German FAZ Sets Avatar’s International Reception in US-vs-PRC Synopsis

Hyper-Urbanisation Criticism or Un-American Activities? Hell's Gate on Pandora (Source: Pandorapedia.com)

James Cameron’s Avatar [1] is a tremendous commercial success and will recuperate the long and fruitful relationship between Hollywood’s Big Business blockbusters and the Science Fiction and Fantasy genre itself. Probably it is doing for 3D cinema what Halo did 2001 for the X-Box in the game branch: It is more important for its ground-breaking 3D theatrical projection technology than for visionary ‘phuturist’ statements of artistic excellence in art or design.

Although I don’t have seen it either in 3D spectacles version nor in standard 2D yet, I am tending to follow my strong prejudgements against this ‘Pocahontas-in-Space’ and trying to procrastinate any close encouters of whatever kind as long as possible. But having  in mind that our upcoming PHUTURAMA session [2] does not reflect explicitly the world-wide success of this stunningly well performing Science Fiction mega-blockbuster, I am lucky to get inspired to write something in this particular blog by the occasion that my favourite newspaper confronted their Feuilleton readers on January 21, 2010 with two synoptically arranged stories [3], referring the different reception and debate in the People’s Republic of China and in the movie’s domestic U. S. homeland.

Out of the Blue?

Avatar seems to serve as a perfect bluescreen for projecting randomly heteregenous political notions and criticisms onto it. Following the report from Frankfurter Allgemeine Zeitung correspondent the Chinese response seems to interprete and identify the role of the movie’s indigenous Pandoran Na’vi – ‘native’ or just ‘naïve’? – with the obstructive movement against brute force or just plain criminal-minded  ‘urbanisation’ practices which completely re-rendered the surface of Chinese cityscapes from scratch and produced anti-modernistic counter-heroes like the inhabitants of the famous “nail house” [4] in Chongqing. Indeed, this iconic building really resembles the Pandora’s low-gravity caused shifting mountain compounds. Limiting the cinemas that are playing the movie has been suspected therefore as an anti-oppositional move of repression by the all-mighty censorship authorities to promote the upcoming launch of a more patriotic movie on Confuzius.

Into the Black?

Verena Lueken on the other hand sums up the major complaints that has shaken the “red” Republican-American reception confronted with Avatar’s tremendous box office success. Whereas the Chinese reception got a liberal and anti-gouvernemental spin, the U. S. right wing media protagonists like John Nolte of Big Hollywood or John Podhoretz of Weekly Standard smelled betrayal and claimed completely Un-American Activities behind the movie’s simple plot. James Cameron, never denying his solid rootedness in 1960s hippie sub-culture, is suspected to undermine America’s strength and fortune by blackmailing U. S. Armed Forces, free entrepreneurship and the justified “War on Terror” – all represented in Avatar’s predominant Resources Development Administration (RDA – as an aside: signalled by a completely dull and ridiculous logo). But a free-wheeling “quasi-governmental administrative entity (QGAE)” [5] isn’t entirely unparalleled in the history of colonialism and a thankful stand-up enemy in any action flick since the creation of the world (‘Creation’ as in ‘Grand Design’). All that cries “Blackwater!”, whereas this controversial company itself (probably in reaction of such unintended castings and vaguely mantled innuendos) shifted their brand name recently into Xe Services. [6] Don’t follow this link, muhaha! Guess what? Nobody would confuse now a well-respected private military contractor and security consulting firm with a completely fictitious Hollywood blockbuster villainous entity.

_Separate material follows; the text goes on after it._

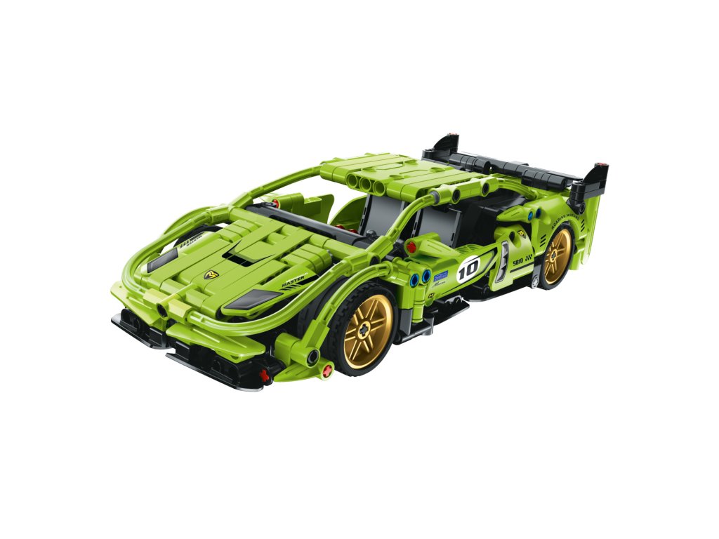 iM.Master Stavebnice závodní auto zelené. Rozměry 25x11,4x6,6 cm. 457 dílků. Na zpětné natažení. Otevírací dveře.

In the end, all these allegations could easily point at Rupert Murdoch’s Fox produced real-time TV success series 24 as well – with the sublime difference that in Avatar a Jack-Bauer-like character mask does not necessarily strangle innocent beings to go blue in the face.

[1] Avatar: The Official Movie Site
[2] PHUTURAMA Session at transmediale.10 Salon Talks, February 3, 2010, 14:00 – 19:00
[3] The FAZ Stories on Avatar Reception in the U. S. and P. R. China
[4] The “Nail House” Lemma in English Language Wikipedia
[5] Yes, There Is a Web 2.0 Fansite Called “Pandorapedia”
[6] I warned you!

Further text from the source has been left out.